Impact
The colourful flower beds and open spaces are a vital part of city life in Coventry. They provide a perfect
place to relax and leave a lasting impression to both the many visitors to the city and its residents.
Using carefully selected and diverse displays which utilise multicultural planting and innovative designs to
bring areas to life in urban, rural, residential, corporate and community environments. The theme of Local
Roots celebrates the unison and partnership between campaign organisers and the diverse communities of Coventry
as they all join together in sustaining and improving their local environment through a number of initiatives and
schemes.
The eye catching flower beds are tended to throughout the year to ensure maximum annual coverage. The beds
are seasonally rotated using a mixture of herbaceous plants, interplanted with bulbs, formal bedding polyanthus,
bellis, pansies, begonia, marigold, geraniums, rudbeckia, petunia, alchemilla mollis, salvia nemerosa, campanula
rubriflora, aster blaubox, mixed armeria joystick, veronica spicata and zinnia.

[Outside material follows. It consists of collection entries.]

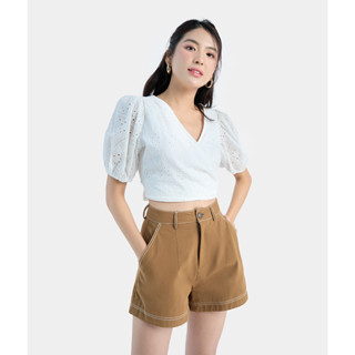 Quần Short Nữ Thời Trang HNOSS Diễu Chỉ Trắng HNQSH014
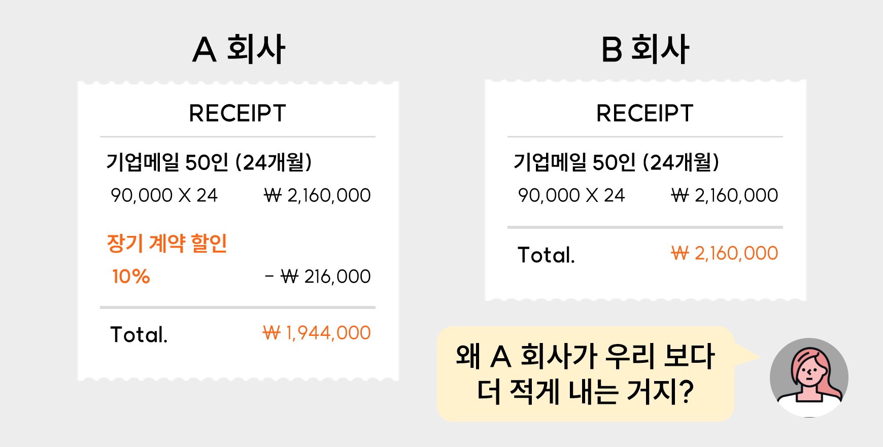 반면, 클라우드형 기업메일은 합리적인 비용으로
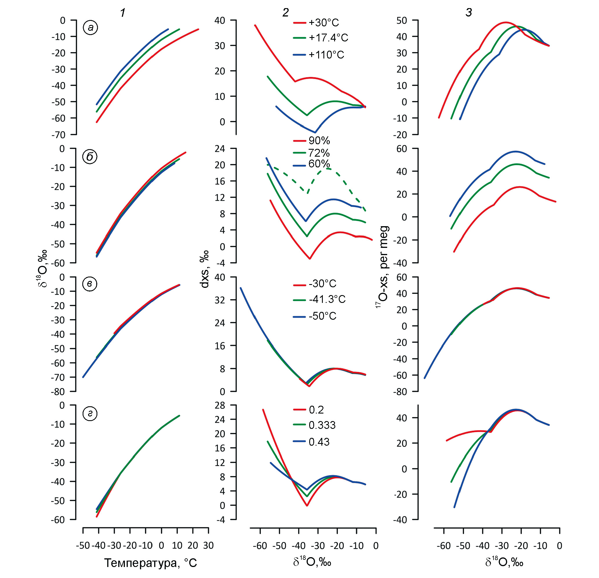 В отличие от dxs «эксцесс кислорода 7» (¹⁷O-xs) очень слабо зависит от температуры, поскольку равновесные коэффициенты фракционирования для кислорода 17 и кислорода 18 связаны соотношением αe¹⁷O=αe¹⁸O0.529 (Barkan, Lutz, 2005). Кинетическое фракционирование для кислорода 18 интенсивнее, чем для кислорода 17 (ln(aef¹⁷O)/ /ln(aef¹⁸O) < 0.528), поэтому при h < 100% значения ¹⁷O-xs в водяном паре выше, чем в воде. Влияние коэффициента k на ¹⁷O-xs незначительно, а значения L и Λ¹⁷O/Λ¹⁸O, наоборот, очень сильно влияют на «эксцесс кислорода 17» (см. рис. 2, б).
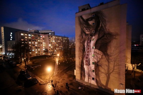 Огромный портрет белорусской девушки в вышиванке появился на здании общежития в Минске
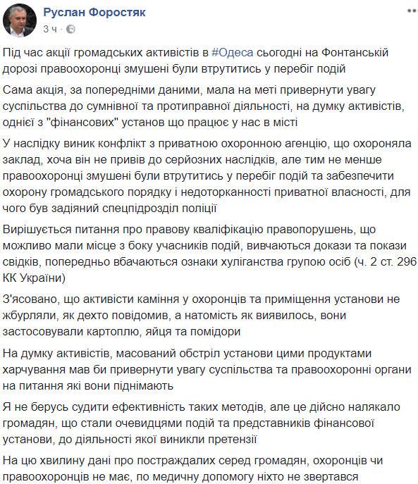 После событий на Фонтанской дороге советник главы одесской полиции Руслан Форостяк написал пространный пост в Facebook, который звучит как минимум сочувственно в отношении к тому, что делали активисты Марка Гордиенко.
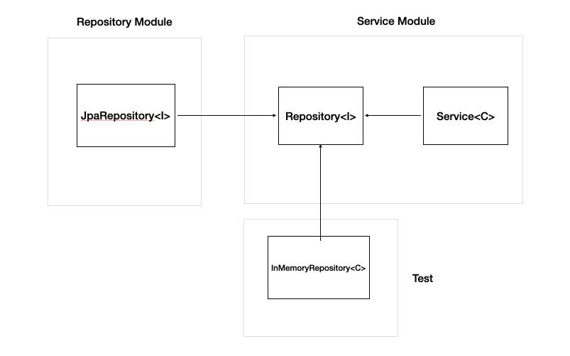 그림이 많이 바뀌었지만 사실 바뀐건 인터페이스 하나 더 만든거 밖에 없다. 먼저 기존 Repository 인터페이스를 JpaRepository로 이름을 변경하여 Jpa의 기능을 확장하는 인터페이스라는 명확한 이름을 지어주었다. 그리고 기존 서비스에 의존하는 인터페이스를 새로 만든다. 이렇게 의존관계를 역전시키면 더 이상 서비스 클래스가 JPA에 의존하지 않는다. 코드로 확인해보면

The soil is treated with
fertiliser and locally recycled compost between planting.
Coventry encompasses a variety of both new and recently planted areas each of which has its own purpose
varying from adding colour and character to an area such as the heather in Broadgate which is a heavily
pedestrianised section of the city centre, to sustainable planting which provides depth and height in a
low grassed area. Areas which are home to bark effect planting include a host of business parks and industrial
open spaces also benefit from the bright stems of the Cornus for winter colour.
The city has two impressive themed beds, this year the Trinity Bed has become part of the centenary
celebrations for the Coventry Girl Guides and the bed in Greyfriars Green has been transformed with an eye
catching design of the Cofa Tree which is where our city takes its name. Both these beds use regular summer
bedding plants to create their images using vibrant colours complete with a relevant design to
tie in with the theme of the
campaign. These beds create excellent focal points for the city’s
involvement in Bloom.
Two new herbaceous beds at Greyfriars
Green and outside the Lounge bar in the city centre planted last year
both have Echinacea, Poppies and Hyssop planted within them.
Over the last two years the old shrub areas have been replenished with new herbaceous planting in Greyfriars
Green and Lady Herbert’s Gardens pond area, with a variety of herbaceous plants and grasses. Major arterial
roads into the city, including Warwick Row, Holyhead Road and Sky Blue Way have also benefitted from colourful
and eye-catching road barriers filled with petunias, pansies and trailing ivy.
The beds and planting structures on the University campus also illuminates the area and fills the air with
pleasant smells of honeysuckle and begonias, with cordalines adding height and shape to the seasonal beds.